■ Task statement: Begin at the top of the entries below and write out every line through the one containing "香港特区政府28日下午3时许", excluding pictures.

□ □ □

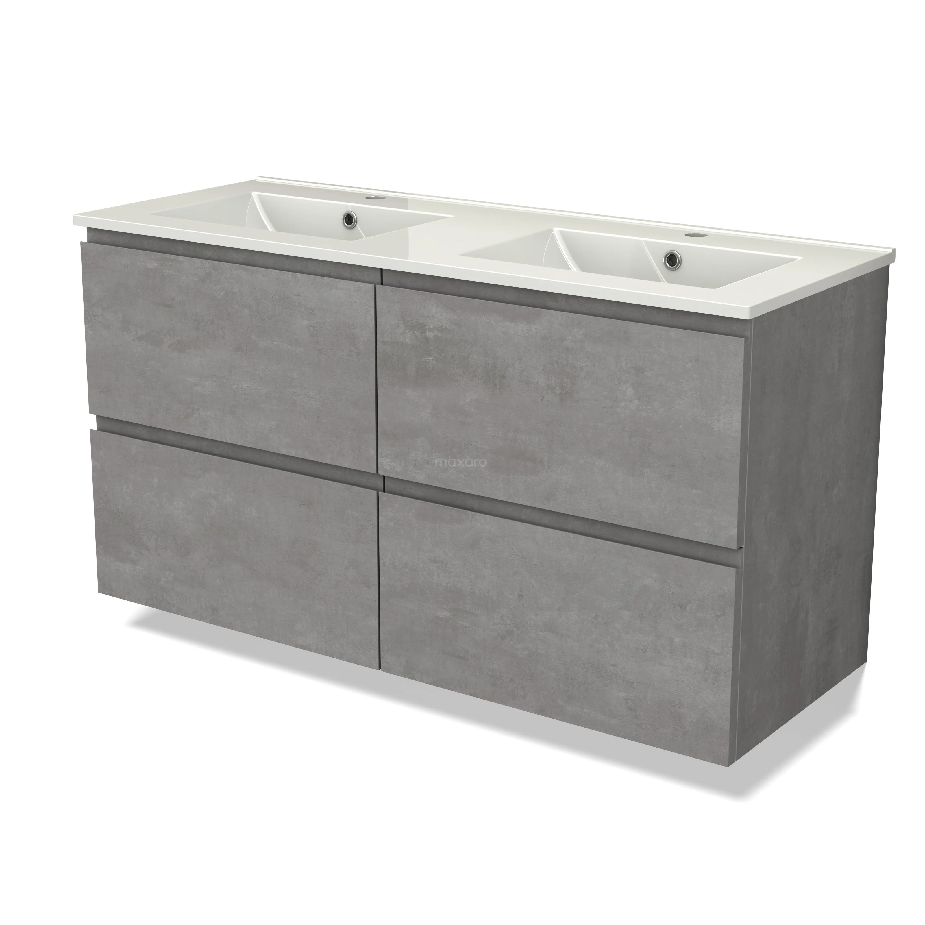 Modulo Waschtische | 120 cm Hellgrauer Beton Grifflos front Keramik 4 Schubladen
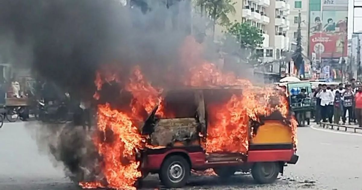 খুলনায় চলন্ত অ্যাম্বুল্যান্সে আগুন, গাড়ি পুড়ে ছাই
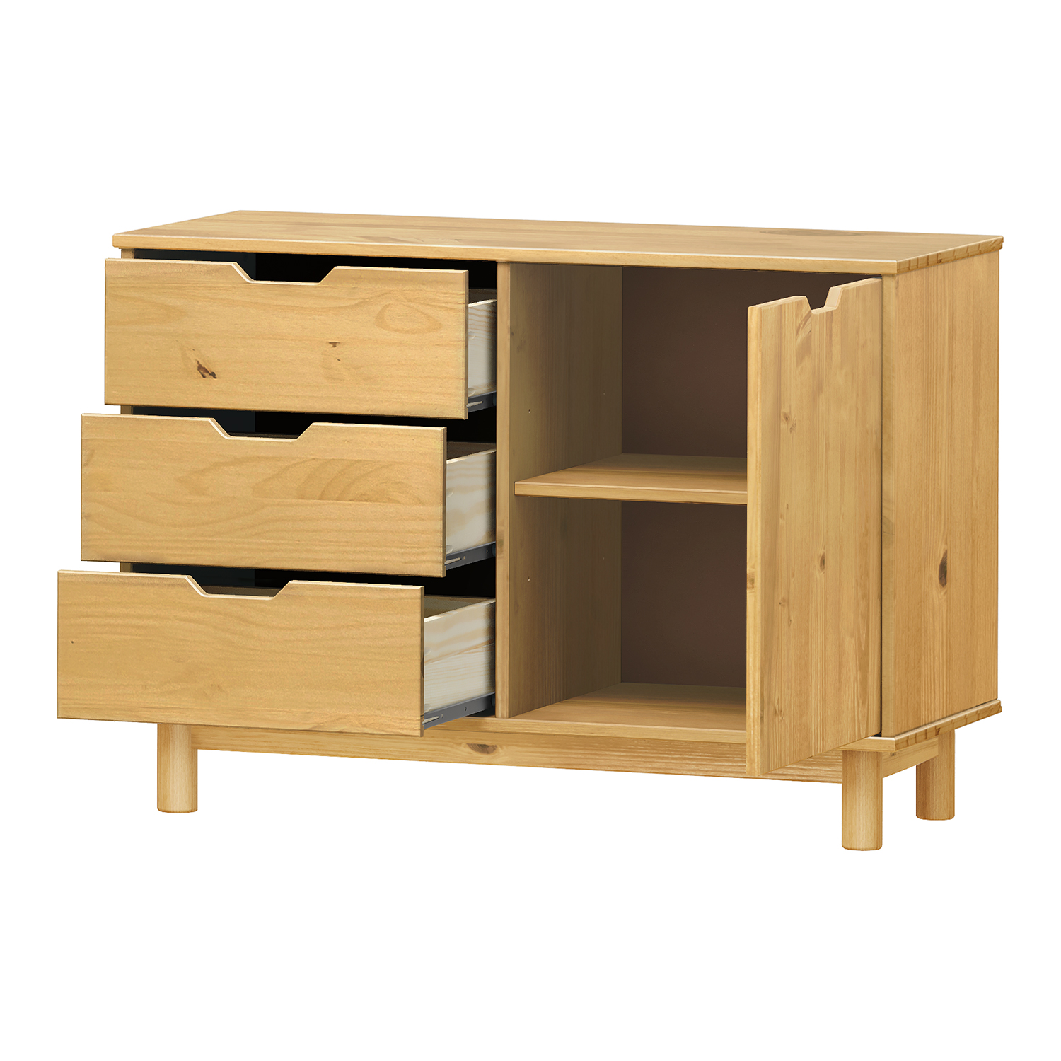 Код продукта: 32431Vmateriál masiv borovice, lakované provedení 3 zásuvky s kovovými pojezdy, 1 dvířka, 1 police
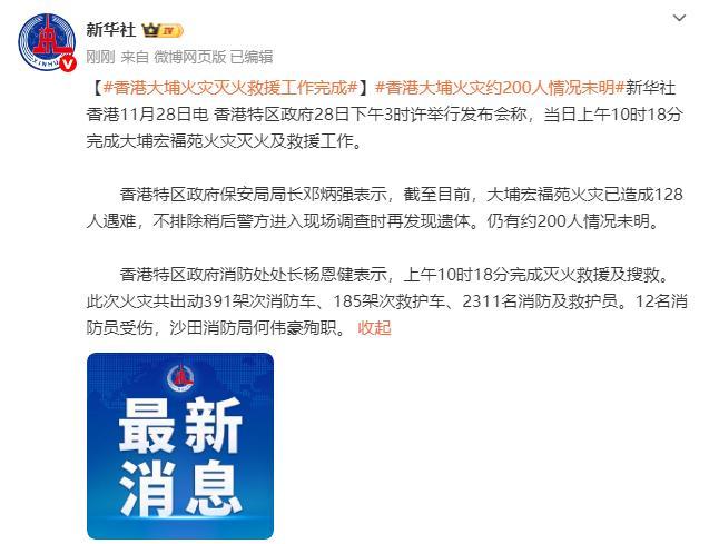香港特区政府28日下午3时许举行发布会,宣布当日上午10时18分完成大埔宏福苑火灾灭火及救援工作。保安局局长邓炳强表示,火灾已造成128人遇难,仍有约200人情况未明,不排除稍后警方进入现场调查时再发现遗体。
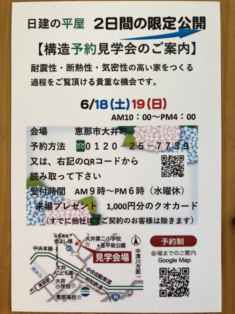 2022/6/14 お知らせ見学会 投稿者:STAFF4 6月18・19日は予約見学会 こんにちは、中津川市にある工務店日建建設の永冶です。 カエルの合唱が毎日賑やかに聞こえます。 中津川市はまだ梅雨に入ってないので、 カエルは待ち遠しいようです。 6月の見学会のご案内ハガキは届いていますか? 届いてないけど詳細を知りたいと思われた方、 こちらをご覧ください。 ・建築中の現場が見えます。 ・9月に完成見学会があります。見比べて頂くのも楽しいです。 みな様のご連絡をお待ちしております。
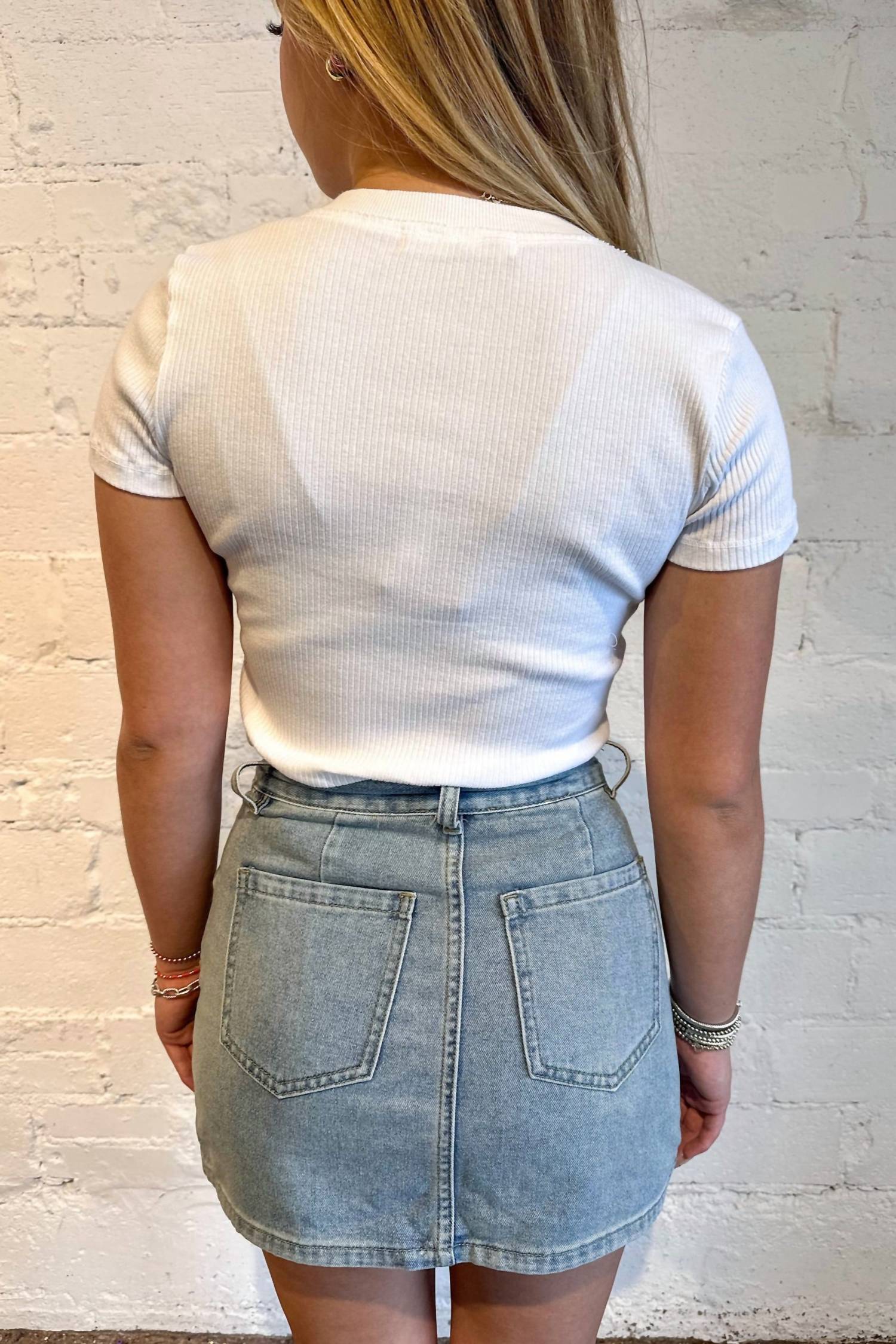 The perfect mini skirt does exist. Introducing the High-rise Pearls & Denim Mini Skirt from Cloud Ten, a chic blend of casual and elevated style. Made from 100% cotton, this skirt features a modern mini length with a flattering high-rise fit. The button closure adds a practical touch, while the unexpected elegance of pearl embellishments offers a unique twist.
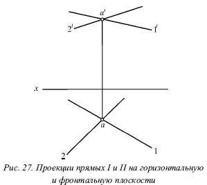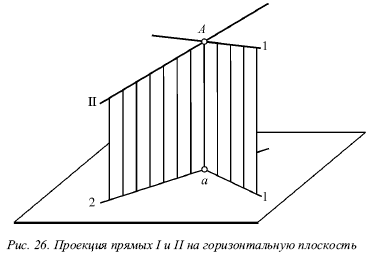 Рассмотрим прямые I и II, которые пересекаются в точке А (рис. 26). Спроецируем обе прямые на горизонтальную плоскость. Если учесть, что точка А принадлежит обеим прямым, то ее проекция а будет принадлежать также и обеим проекциям прямых.
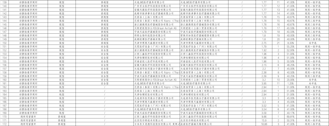 动静脉瘘穿刺针(钝型)报价区间在2.94元-3.59元,降幅区间为40.17%-51%;动静脉瘘穿刺针(锐型-普通型)报价区间在1.18元-1.8元,降幅区间为40%-60.67%;动静脉瘘穿刺针(锐型-安全型)报价区间在1.79元-2.39元,降幅区间为40.25%-55.25%。

□ □ □

■ The completed task:
 Modulo Waschtische | 120 cm Hellgrauer Beton Grifflos front Keramik 4 Schubladen
 খুলনায় চলন্ত অ্যাম্বুল্যান্সে আগুন, গাড়ি পুড়ে ছাই
 Код продукта: 32431Vmateriál masiv borovice, lakované provedení 3 zásuvky s kovovými pojezdy, 1 dvířka, 1 police
香港特区政府28日下午3时许举行发布会,宣布当日上午10时18分完成大埔宏福苑火灾灭火及救援工作。保安局局长邓炳强表示,火灾已造成128人遇难,仍有约200人情况未明,不排除稍后警方进入现场调查时再发现遗体。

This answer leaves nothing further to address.